◆ WHAT THE TASK ASKS: Your answer must be an exact transcription of the data, with every picture omitted.

EXERCISE MATERIALS START

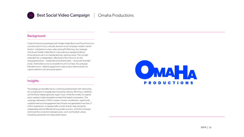 This year’s winners highlight how brands are reshaping video and TV through storytelling, collaboration and technology. Campaigns leaned into emotional narratives and creator partnerships to build deeper audience connections, while advances in ad tech and other emerging tools enabled more seamless integration with content. Across platforms, social video played a central role in driving engagement and reach. Together, these efforts reflect an industry evolving toward more immersive, participatory and technologically driven storytelling.
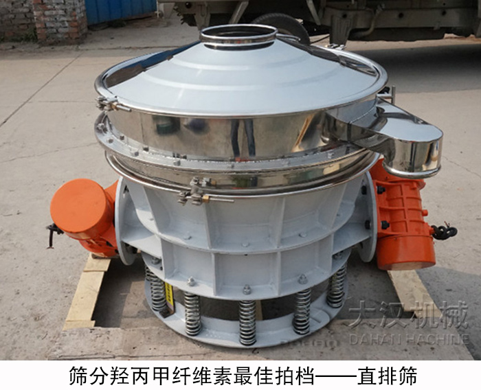 直排篩也稱作直泄式振動篩,它通過安裝在篩機兩側的振動電機產生的振篩機驅動物料在篩面上做上下運動并直接從篩面下方的排料口直接排料,大大減少了物料在篩面上的停留時間,效率非常高,產量是普通振動篩的2-5倍。其大產量的,以及并不是以精度見長的特點讓它非常適合于羥丙甲纖維素的篩分工作。
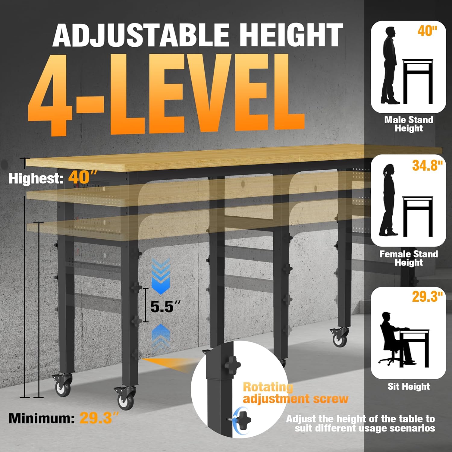 - Multi-Level Height Adjustable: Without additional tools, the workbench can be adjusted to 4 different heights from 29.3" to 40", allowing you to work more comfortably standing or sitting, preventing you from staying in the same position for a long time
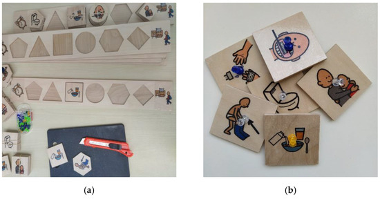 Both levels provide material with handles (pins) to support students with fine motor skill difficulties (Figure 13). Figure 14 shows the complete traditional educational material: wooden boards-wedges that make up the WUIM-Puzzle.
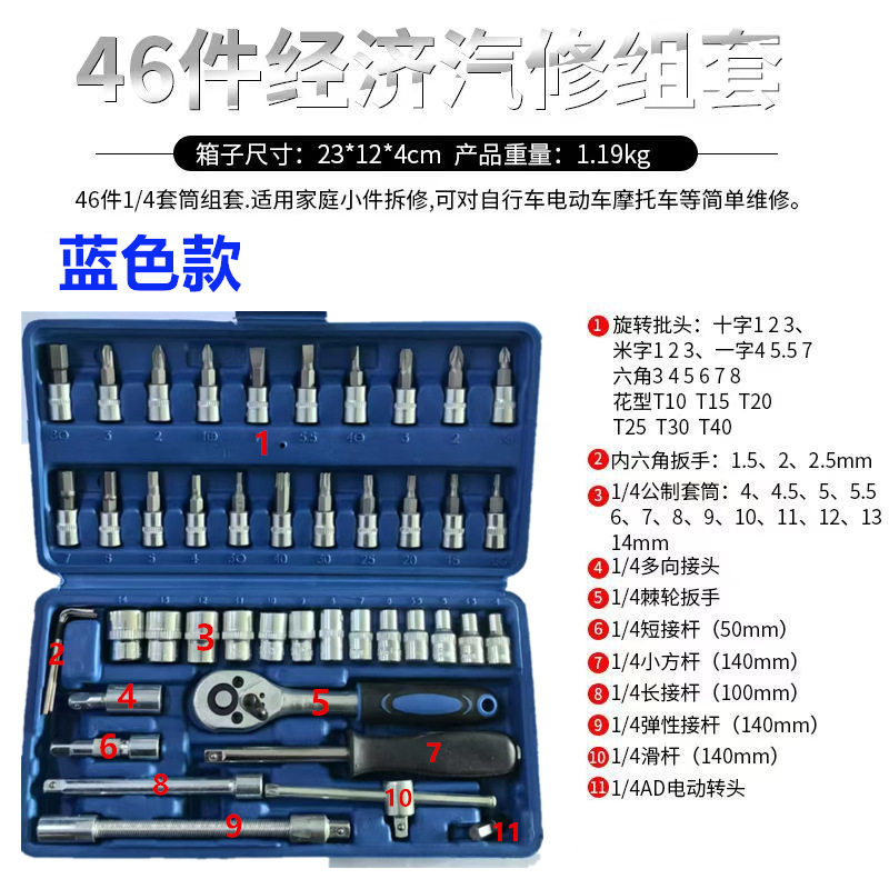 新款46件套筒扳手工具箱汽修组扳子小飞棘轮扳手套装家用维修工具

EXERCISE MATERIALS END

◆ SOLVED EXERCISE:
 This year’s winners highlight how brands are reshaping video and TV through storytelling, collaboration and technology. Campaigns leaned into emotional narratives and creator partnerships to build deeper audience connections, while advances in ad tech and other emerging tools enabled more seamless integration with content. Across platforms, social video played a central role in driving engagement and reach. Together, these efforts reflect an industry evolving toward more immersive, participatory and technologically driven storytelling.
 直排篩也稱作直泄式振動篩,它通過安裝在篩機兩側的振動電機產生的振篩機驅動物料在篩面上做上下運動并直接從篩面下方的排料口直接排料,大大減少了物料在篩面上的停留時間,效率非常高,產量是普通振動篩的2-5倍。其大產量的,以及并不是以精度見長的特點讓它非常適合于羥丙甲纖維素的篩分工作。
 - Multi-Level Height Adjustable: Without additional tools, the workbench can be adjusted to 4 different heights from 29.3" to 40", allowing you to work more comfortably standing or sitting, preventing you from staying in the same position for a long time
 Both levels provide material with handles (pins) to support students with fine motor skill difficulties (Figure 13). Figure 14 shows the complete traditional educational material: wooden boards-wedges that make up the WUIM-Puzzle.
 新款46件套筒扳手工具箱汽修组扳子小飞棘轮扳手套装家用维修工具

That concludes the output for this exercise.